De toute évidence, la gang de joyeux lurons n’ont pas eu droit au-dit rappel des règles de vie dans un lieu public avant notre arrivée, non plus au moment de traverser la salle à manger à la course tel un troupeau d’éléphants.  Je me tourne vers les adultes croyant qu’un d’entre eux allait réaliser leur oubli en les entendant hurler et rire à l’autre bout du restaurant.  Je lance un regard vers la salle de jeux : le givre des vitres ne pouvait pas cacher le mouvement certain qu’il y avait là-dedans.  Quinze minutes.  Quinze minutes à s’amuser bruyamment, à rire comme s’ils étaient seuls au monde, mais surtout sans qu’aucun adulte n’ait jeté un coup d’œil pour s’assurer qu’ils n’étaient pas en train de tout détruire.  Parce qu’on sait tous qu’une douzaine de garçons de 10 ans, ça fait sagement des casse-têtes ou ça regarde calmement un livre assis sur un coussin! 

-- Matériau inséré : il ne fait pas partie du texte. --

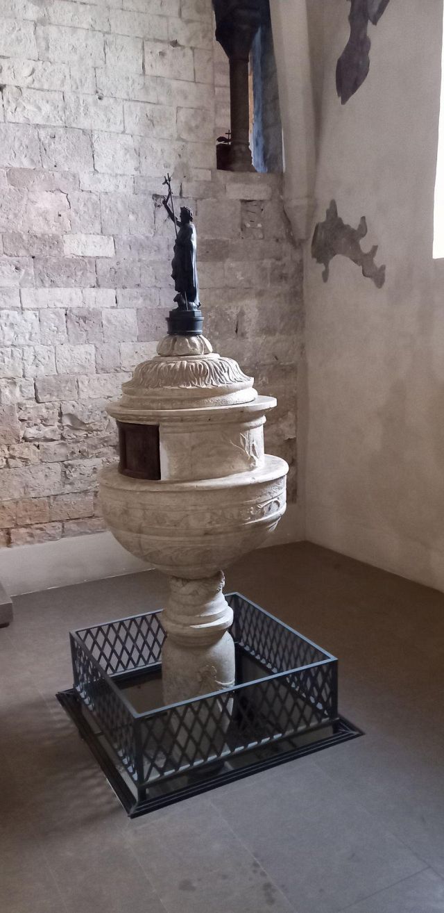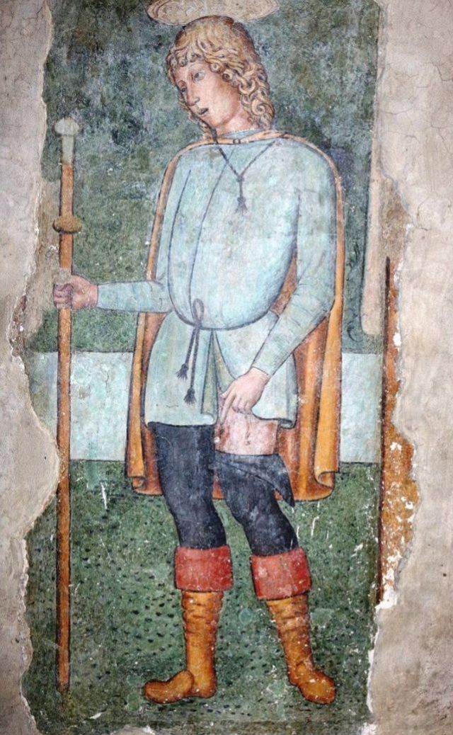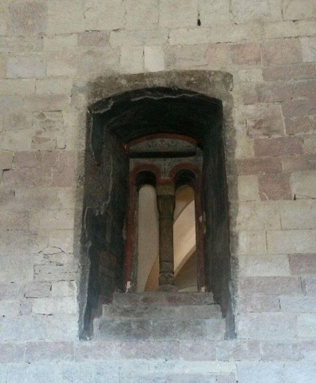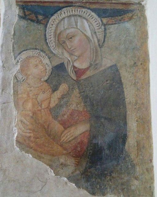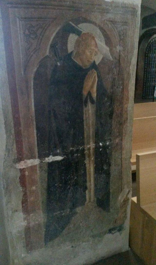 L'interno a tre navate è diviso da pilastri; la navata mediana è con volta a botte, mentre le laterali, aggiunte nel corso del XV secolo, sono con volte a crociera. Alle pareti e sui pilastri si vedono numerosi affreschi votivi.

Je pensais avoir tout vu jusqu’à ce que la serveuse arrive avec un plateau de crème glacée sur bâton à la table des enfants (sans aucun doute dans l’espoir qu’ils quittent la place au plus vite) que quelques petits sentent la bouffe et daignent revenir… pour mieux retourner dans la salle de jeux avec le bâton à la main et la crème glacée dégoulinant sur leurs doigts et le plancher.  Ai-je besoin de spécifier que les parents n’ont pas jugé bon les retenir pour qu'ils terminent demanger avant de retourner jouer. 

Au départ, j’ai jugé ces petits monstres gros comme le bras : franchement, ils ne savent pas se conduire au restaurant.  Puis, je me suis ravisée et j’ai statué que c’était plutôt le comportement des parents qui laissaient à désirer ce midi-là.  Je me suis demandé ce qui justifiait leur flagrant et exagéré « lâcher-prise ».  Étaient-ils épuisés de leur fin de semaine avec leurs héritiers trop bruyants?  Moi aussi pourtant, c'est justement la raison pour laquelle j'allais au restaurant avec ma grande: pour relaxer un brin avant de reprendre la route.  Ont-ils, pour philosophie, que ce ne sont que des enfants et qu’ils ont besoin de bouger et faire du bruit?  Croyaient-ils qu’ils avaient le droit de prendre possession des lieux malgré les autres clients présents vu la grosseur de leur groupe?

Bien entendu, je ne suis pas allée leur poser la question, je me suis contentée de payer rapidement et de quitter avec ma grande qui a soudainement constaté que ses trois frères n'étaient pas si terribles finalement!